The entire listing that follows must be repeated exactly, pictures excluded.

########################################

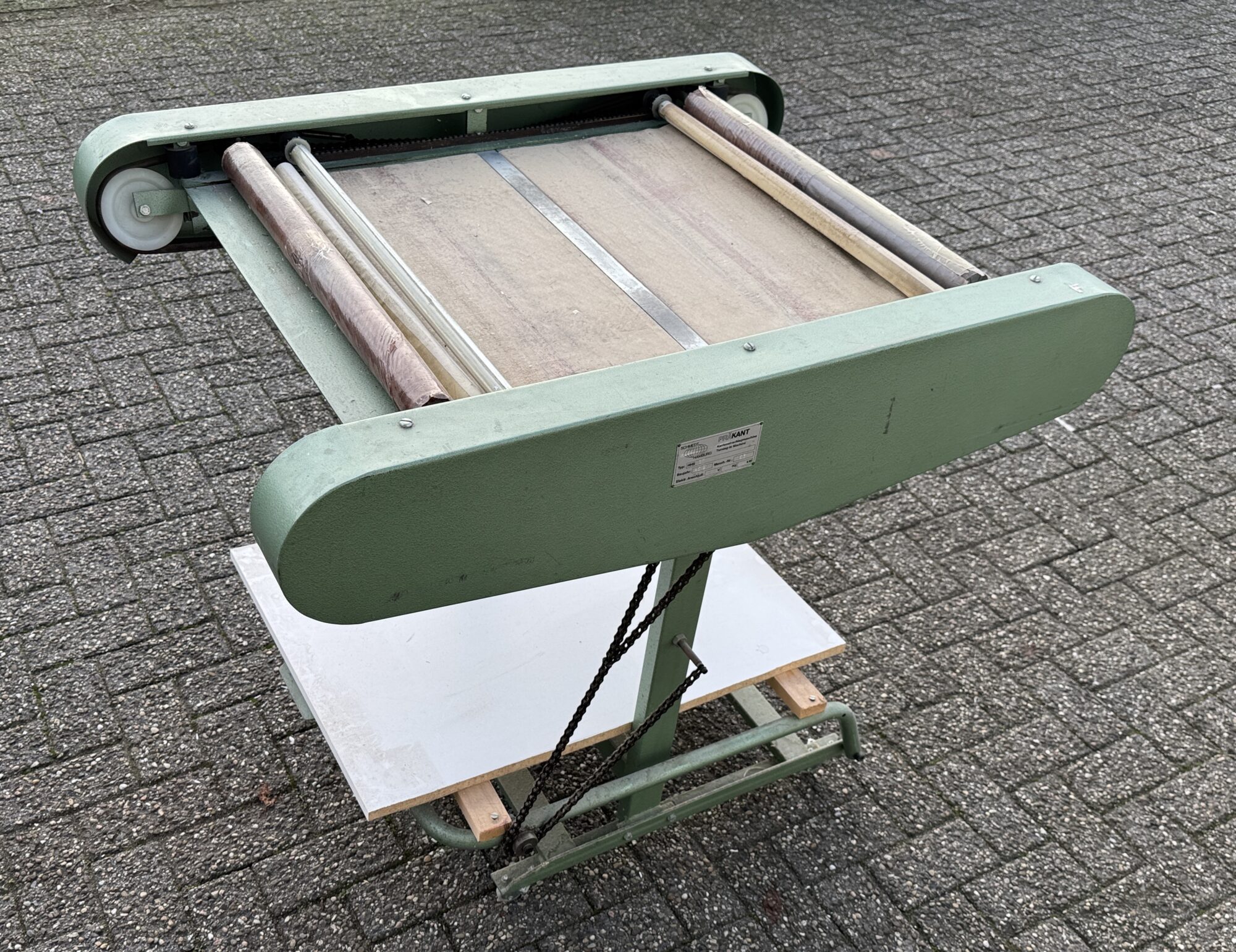 Schmedt Präkant HHS 6F Voetbediende dubbelzijdige inslagmachine Doordat hij voetbediend is bepaalt men zelf de tijd en is dus te gebruiken voor zowel warme als koude lijmen en/of traag drogende lijmen. Voor banden tot 60 × 60 cm
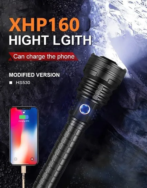 AliExpress самый мощный XHP160led фонарик перезаряжаемый телескопический зум тактический фонарь 18650/26650 аккумулятор
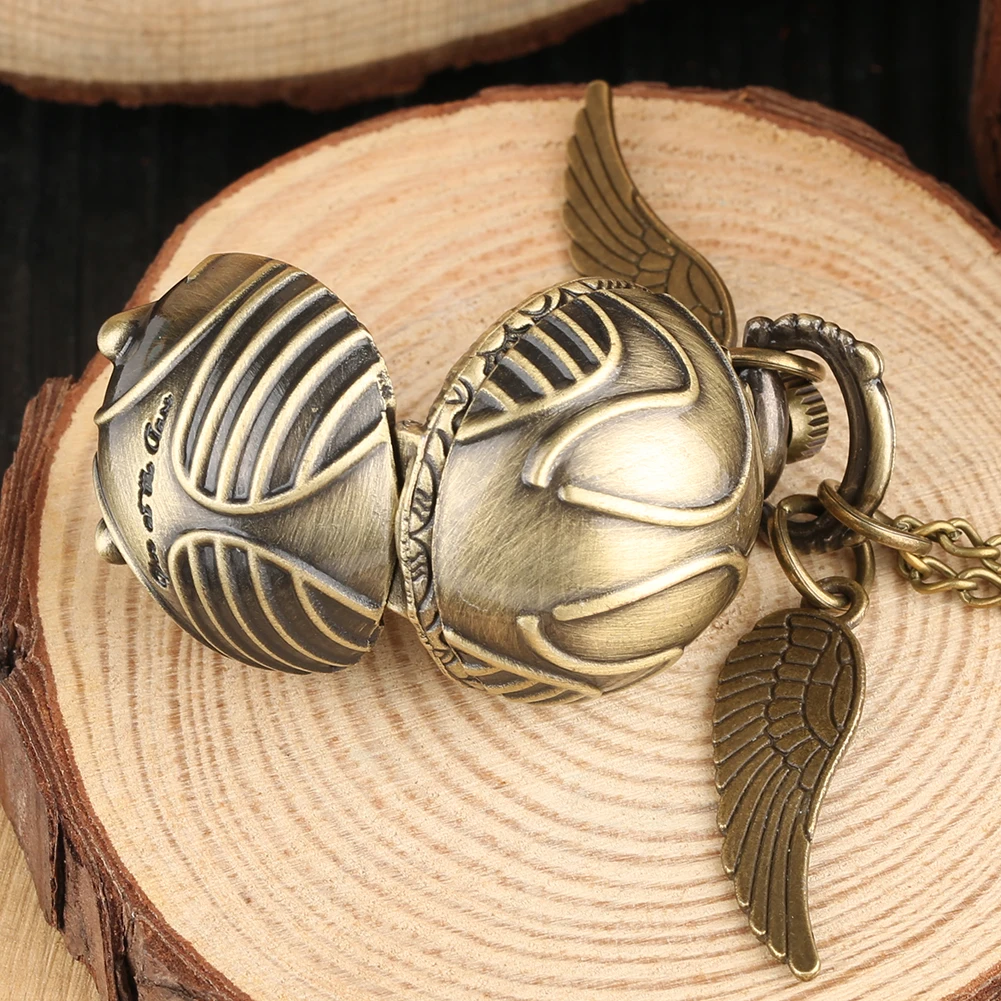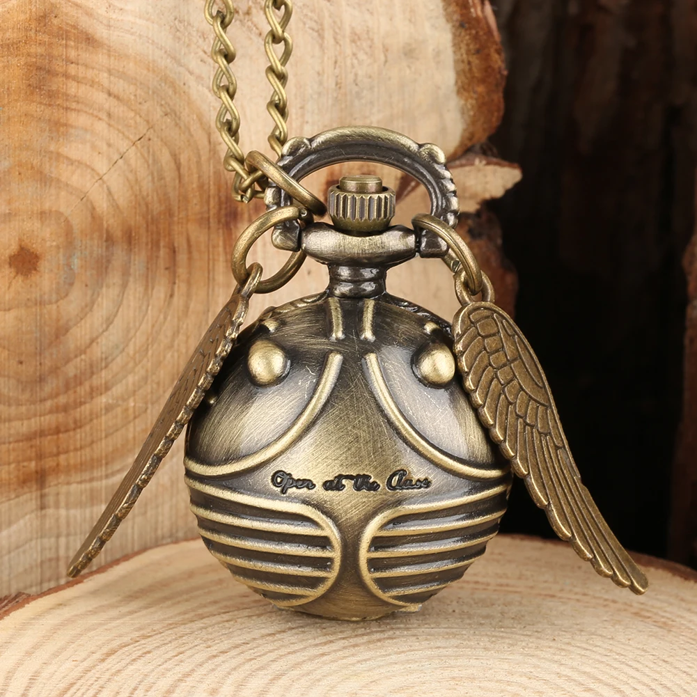 Винтажные кварцевые карманные часы с бронзовым крылом, круглые часы-Флип с серебряным кулоном в виде шара, цепочка для часов, ожерелье, подарок для детей, оптовая продажа
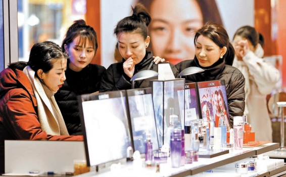 中國的中等收入群體為形成超大規模消費市場奠定了人口基礎。圖為市民在商場內選購商品。 資料圖片
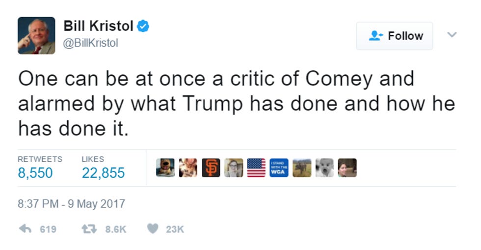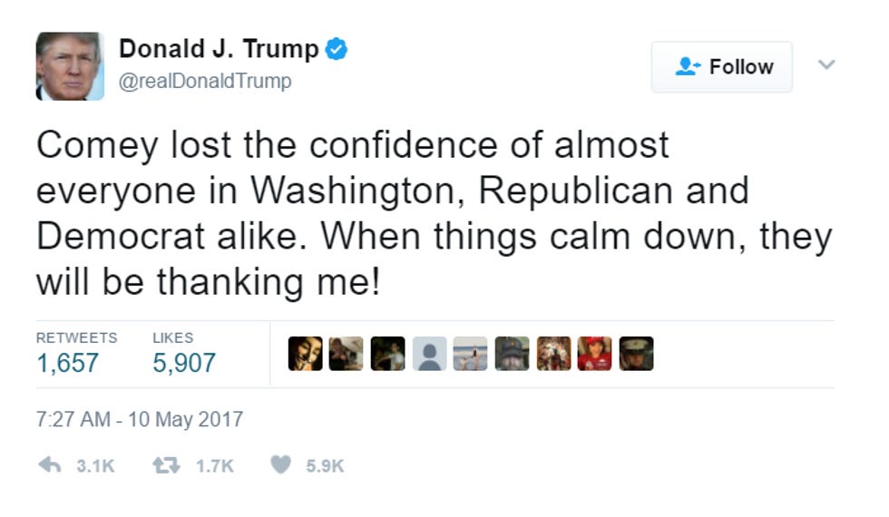 In short, we are supposed to believe that Trump fired Comey for the very same reasons Trump used to love Comey. And we're not supposed to notice that this is the third person Trump has fired (after Sally Yates and U.S. Attorney Preet Bharara) who just so happened to be sniffing out crimes in the Trump/Russia/financial crimes/espionage scandal. Huh!

########################################

> **Your solution**
 Schmedt Präkant HHS 6F Voetbediende dubbelzijdige inslagmachine Doordat hij voetbediend is bepaalt men zelf de tijd en is dus te gebruiken voor zowel warme als koude lijmen en/of traag drogende lijmen. Voor banden tot 60 × 60 cm
 AliExpress самый мощный XHP160led фонарик перезаряжаемый телескопический зум тактический фонарь 18650/26650 аккумулятор
 Винтажные кварцевые карманные часы с бронзовым крылом, круглые часы-Флип с серебряным кулоном в виде шара, цепочка для часов, ожерелье, подарок для детей, оптовая продажа
 中國的中等收入群體為形成超大規模消費市場奠定了人口基礎。圖為市民在商場內選購商品。 資料圖片
 In short, we are supposed to believe that Trump fired Comey for the very same reasons Trump used to love Comey. And we're not supposed to notice that this is the third person Trump has fired (after Sally Yates and U.S. Attorney Preet Bharara) who just so happened to be sniffing out crimes in the Trump/Russia/financial crimes/espionage scandal. Huh!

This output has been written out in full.